# Entries provided
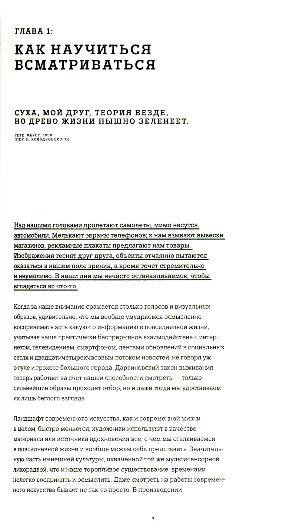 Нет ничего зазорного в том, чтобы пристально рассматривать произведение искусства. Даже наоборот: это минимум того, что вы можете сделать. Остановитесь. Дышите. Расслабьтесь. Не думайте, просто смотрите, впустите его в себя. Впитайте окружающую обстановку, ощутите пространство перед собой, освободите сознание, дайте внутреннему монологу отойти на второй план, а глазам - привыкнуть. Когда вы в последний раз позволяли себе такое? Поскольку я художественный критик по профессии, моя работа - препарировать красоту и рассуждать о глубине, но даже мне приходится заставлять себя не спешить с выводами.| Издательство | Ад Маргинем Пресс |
---
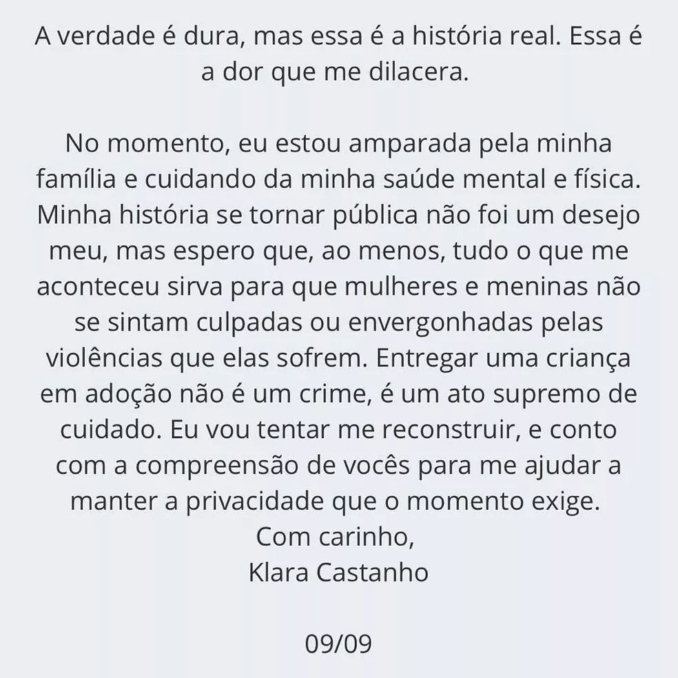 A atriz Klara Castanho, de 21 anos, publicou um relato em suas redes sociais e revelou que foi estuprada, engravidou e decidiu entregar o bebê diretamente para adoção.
---
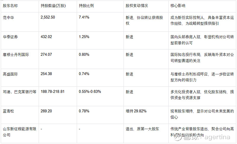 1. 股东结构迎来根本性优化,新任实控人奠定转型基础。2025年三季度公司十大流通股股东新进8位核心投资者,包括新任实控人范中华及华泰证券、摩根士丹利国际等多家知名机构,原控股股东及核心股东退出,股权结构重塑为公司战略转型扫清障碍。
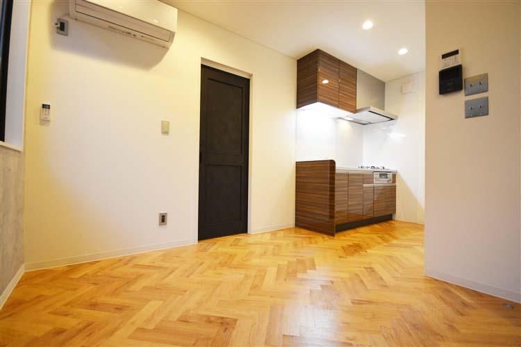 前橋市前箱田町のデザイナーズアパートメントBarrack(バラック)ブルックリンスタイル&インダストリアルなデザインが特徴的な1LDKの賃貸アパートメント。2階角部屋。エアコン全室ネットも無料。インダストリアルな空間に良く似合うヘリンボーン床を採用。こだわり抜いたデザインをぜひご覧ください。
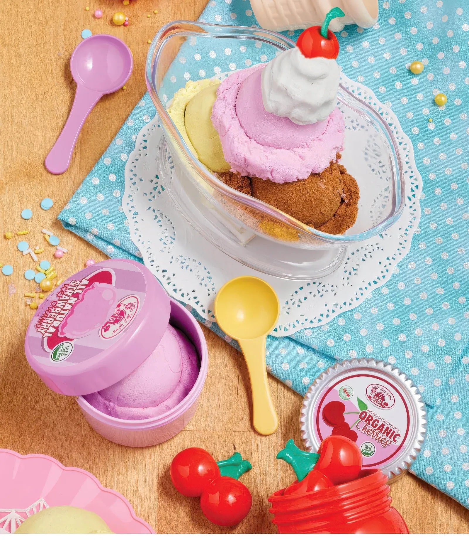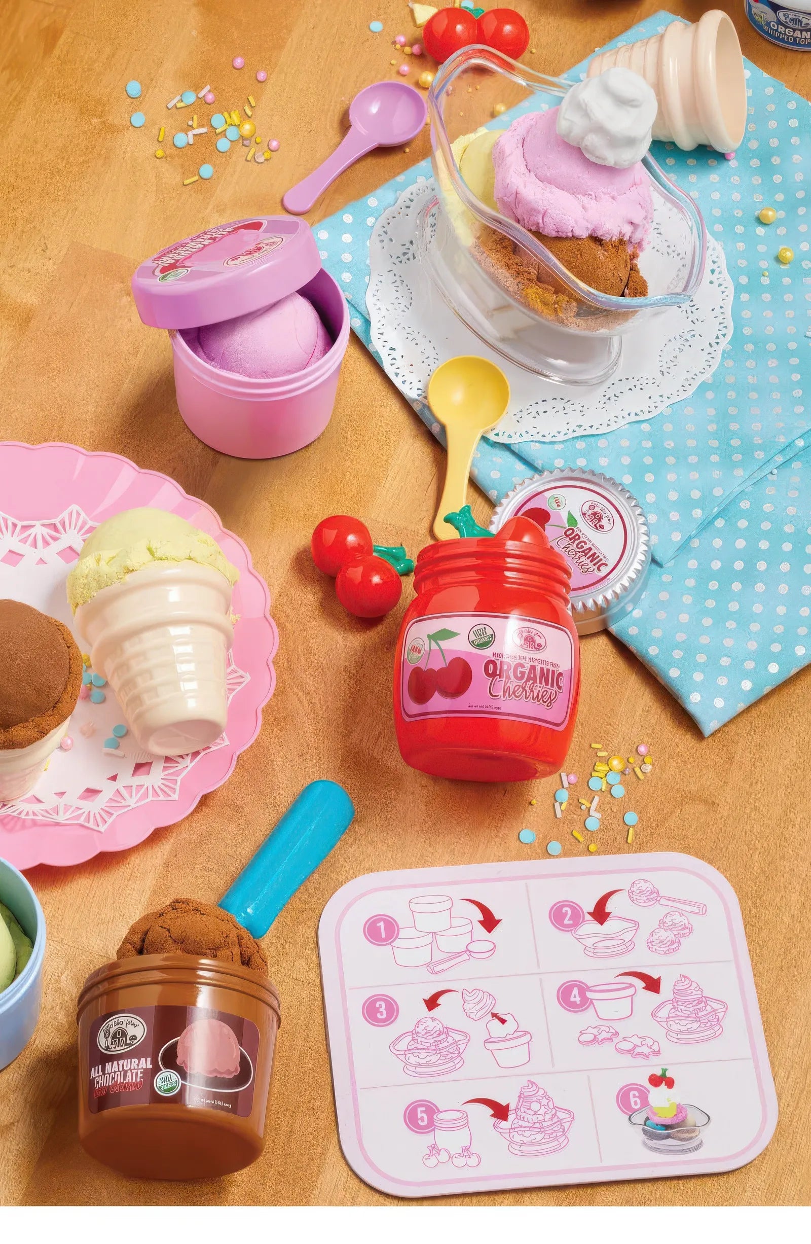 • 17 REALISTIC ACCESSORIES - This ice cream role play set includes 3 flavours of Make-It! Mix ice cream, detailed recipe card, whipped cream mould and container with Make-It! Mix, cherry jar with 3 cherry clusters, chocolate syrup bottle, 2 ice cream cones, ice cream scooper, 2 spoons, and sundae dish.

# Your assignment
Each line above that falls between the line with "1. 股东结构迎来根本性优化" and the line with "and sundae dish." should be printed exactly, together with those two lines, but the pictures should not.

# Written solution
 1. 股东结构迎来根本性优化,新任实控人奠定转型基础。2025年三季度公司十大流通股股东新进8位核心投资者,包括新任实控人范中华及华泰证券、摩根士丹利国际等多家知名机构,原控股股东及核心股东退出,股权结构重塑为公司战略转型扫清障碍。
 前橋市前箱田町のデザイナーズアパートメントBarrack(バラック)ブルックリンスタイル&インダストリアルなデザインが特徴的な1LDKの賃貸アパートメント。2階角部屋。エアコン全室ネットも無料。インダストリアルな空間に良く似合うヘリンボーン床を採用。こだわり抜いたデザインをぜひご覧ください。
 • 17 REALISTIC ACCESSORIES - This ice cream role play set includes 3 flavours of Make-It! Mix ice cream, detailed recipe card, whipped cream mould and container with Make-It! Mix, cherry jar with 3 cherry clusters, chocolate syrup bottle, 2 ice cream cones, ice cream scooper, 2 spoons, and sundae dish.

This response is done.